| Information shown |
◇ ◇ ◇ ◇

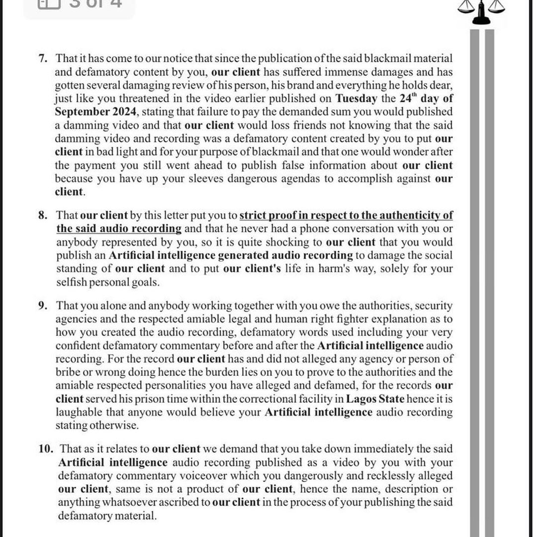 “We, therefore, demand, on behalf of our client, a written apology published in two national daily newspapers, a video recording of your apology to our client shared on all your social media platforms, a commitment to refrain from reporting or publishing defamatory content against our client, and the payment of ₦1,000,000,000 in damages within 24 hours of this letter via social media or any other means.”
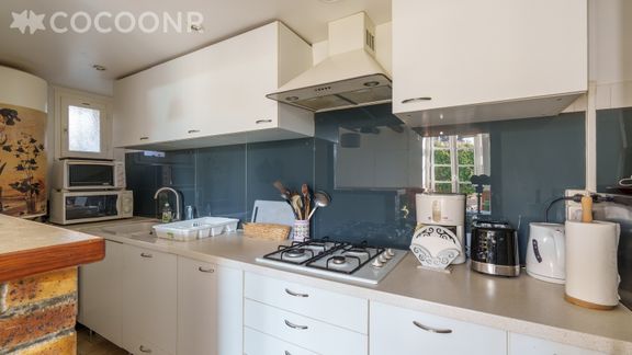 - Une cuisine équipée avec notamment : bouilloire électrique, four, four à micro-ondes, grille-pain, plaques de cuisson...
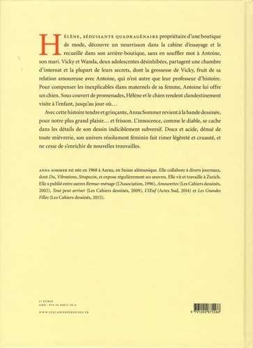 Hélène, séduisante quadragénaire propriétaire d'une boutique de mode, découvre un nourrisson dans la cabine d'essayage et le recueille dans son arrière-boutique, sans en souffler mot à Antoine, son mari. Vicky et Wanda, deux adolescentes désinhibées, partagent une chambre d'internat et la plupart de leurs secrets, dont la grossesse de Vicky, fruit de sa relation amoureuse avec Antoine, qui n'est autre que leur professeur d'histoire. Pour compenser les inexplicables élans maternels de sa femme, Antoine lui offre un chien. Sous couvert de promenades, Hélène et le chien rendent clandestinement visite à l'enfant, jusqu'au jour où... Avec cette histoire tendre et grinçante, Anna Sommer revient à la bande dessinée, pour notre plus grand plaisir... et frisson. L'innocence, comme le diable, se cache dans les détails de son dessin indiciblement subversif. Doux et acide, dénué de toute mièvrerie, son univers résolument féminin fait rimer légèreté et cruauté, et ne cesse de s'enrichir de nouvelles trouvailles.

◇ ◇ ◇ ◇

| What is required |
Repeat each line above exactly. The pictures stay out.

| Task output |
 “We, therefore, demand, on behalf of our client, a written apology published in two national daily newspapers, a video recording of your apology to our client shared on all your social media platforms, a commitment to refrain from reporting or publishing defamatory content against our client, and the payment of ₦1,000,000,000 in damages within 24 hours of this letter via social media or any other means.”
 - Une cuisine équipée avec notamment : bouilloire électrique, four, four à micro-ondes, grille-pain, plaques de cuisson...
 Hélène, séduisante quadragénaire propriétaire d'une boutique de mode, découvre un nourrisson dans la cabine d'essayage et le recueille dans son arrière-boutique, sans en souffler mot à Antoine, son mari. Vicky et Wanda, deux adolescentes désinhibées, partagent une chambre d'internat et la plupart de leurs secrets, dont la grossesse de Vicky, fruit de sa relation amoureuse avec Antoine, qui n'est autre que leur professeur d'histoire. Pour compenser les inexplicables élans maternels de sa femme, Antoine lui offre un chien. Sous couvert de promenades, Hélène et le chien rendent clandestinement visite à l'enfant, jusqu'au jour où... Avec cette histoire tendre et grinçante, Anna Sommer revient à la bande dessinée, pour notre plus grand plaisir... et frisson. L'innocence, comme le diable, se cache dans les détails de son dessin indiciblement subversif. Doux et acide, dénué de toute mièvrerie, son univers résolument féminin fait rimer légèreté et cruauté, et ne cesse de s'enrichir de nouvelles trouvailles.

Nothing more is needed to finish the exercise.